The post-failover topology is:
The reason pglogical must run on the provider's replica, and the provider's replica must use a physical replication slot, is due to limitations in PostgreSQL itself.
Normally when a PostgreSQL instance is replaced by a promoted physical replica of the same instance, any replication slots on that node are lost. Replication slot status is not itself replicated along physical replication connections and does not appear in WAL. So if the failed-and-replaced node was the upstream provider of any logical subscribers, those subscribers stop being able to receive data and cannot recover. Physical failover breaks logical replication connections.
To work around this, pglogical3 running on the failover-candidate replica syncs
the state of the master provider's logical replication slot(s) to the replica.
It also sends information back to the master to ensure that those slots
guarantees' (like catalog_xmin
) are respected by the master. That
synchronization requires a physical replication slot to avoid creating
excessive master bloat and to ensure the reservation is respected by the master
even if the replication connection is broken.
Subscriber failover setup
pglogical automatically follows failover of a subscriber to a streaming physical replica of the subscriber. No additional configuration is required.
WARNING: At present it's possible for the promoted subscriber to lose some
transactions that were committed on the failed subscriber and confirmed-flushed
to the provider, but not yet replicated to the new subscriber at the time of
promotion. That's because the provider will silently start replication at the
greater of the position the subscriber sends from its replication origin and
the position the master has recorded in its slot's confirmed_flush_lsn
.
Where possible you should execute a planned failover by stopping the subscription on Subscriber1 and waiting until Subscriber2 is caught up to Subscriber1 before failing over.
Given the server topology:
Upon promotion of Subscriber2 to replace a failed Subscriber1, logical replication will resume normally. It doesn't matter whether Subscriber2 has the same IP address or not.
For replication to resume promptly it may be necessary to explicitly terminate the walsender for Subscriber1 on Provider1 if the connection failure is not detected promptly by Provider1. pglogical enables TCP keepalives by default so in the absence of manual action it should exit and release the slot automatically in a few minutes.
It is important that Subscriber1 be fenced or otherwise conclusively terminated before Subscriber2 is promoted.
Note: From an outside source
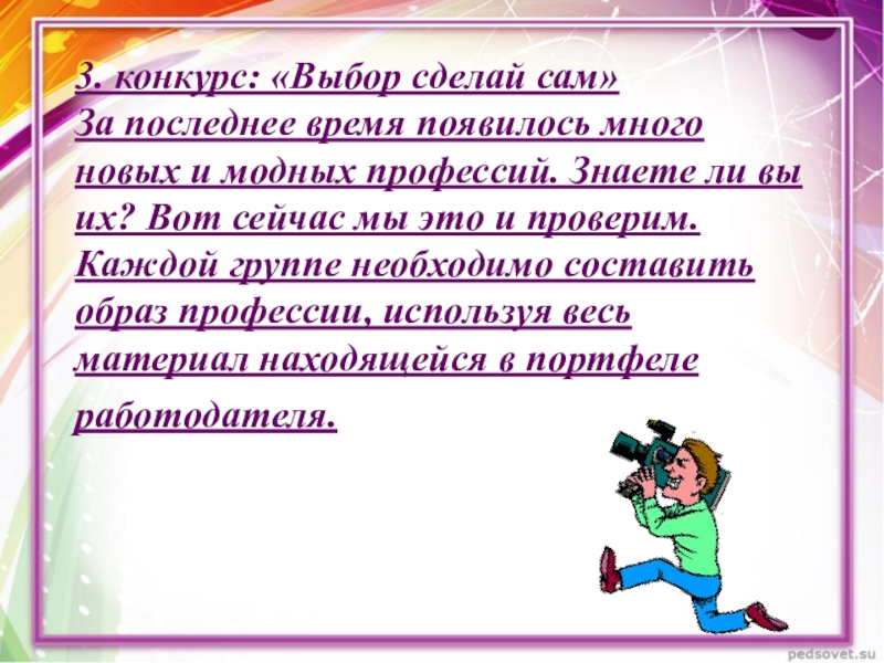 Это сайт презентаций, где можно хранить и обмениваться своими презентациями, докладами, проектами, шаблонами в формате PowerPoint с другими пользователями. Мы помогаем школьникам, студентам, учителям, преподавателям хранить и обмениваться учебными материалами.

Otherwise Subscriber1 can interfere with Subscriber2's replication progress tracking on Provider1 and create gaps in the replication stream.
After failover the topology is:
Note: at this time it is possible that there can be a small window of replicated data loss around the window of failover. pglogical on Subscriber1 may send confirmation of receipt of data to Provider1 before ensuring that Subscriber2 has received and flushed that data.
Additional functions
pglogical.sync_failover_slots()
Signal the supervisor to restart the mecanism to synchronize the failover
slots specifyed in the pglogical.synchronize_failover_slot_names
Synopsis
pglogical.syncfailover_slots();
This function should be run on the subscriber.
Legacy: Provider failover with pglogical2 using failover slots
An earlier effort to support failover of logical replication used the "failover slots" patch to PostgreSQL 9.6. This patch is carried in 2ndQPostgres 9.6 (only), but did not get merged into any community PostgreSQL version. pglogical2 supports using 2ndQPostgres and failover slots to follow provider failover.
The failover slots patch is neither required nor supported by pglogical3.
pglogical3 only supports provider failover on PostgreSQL 10 or newer, since
that is the first PostgreSQL version that contains support for sending
catalog_xmin
in hot standby feedback and for logical decoding to follow
timeline switches.
This section is retained to explain the change in failover models and reduce any confusion that may arise when updating from pglogical2 to pglogical3.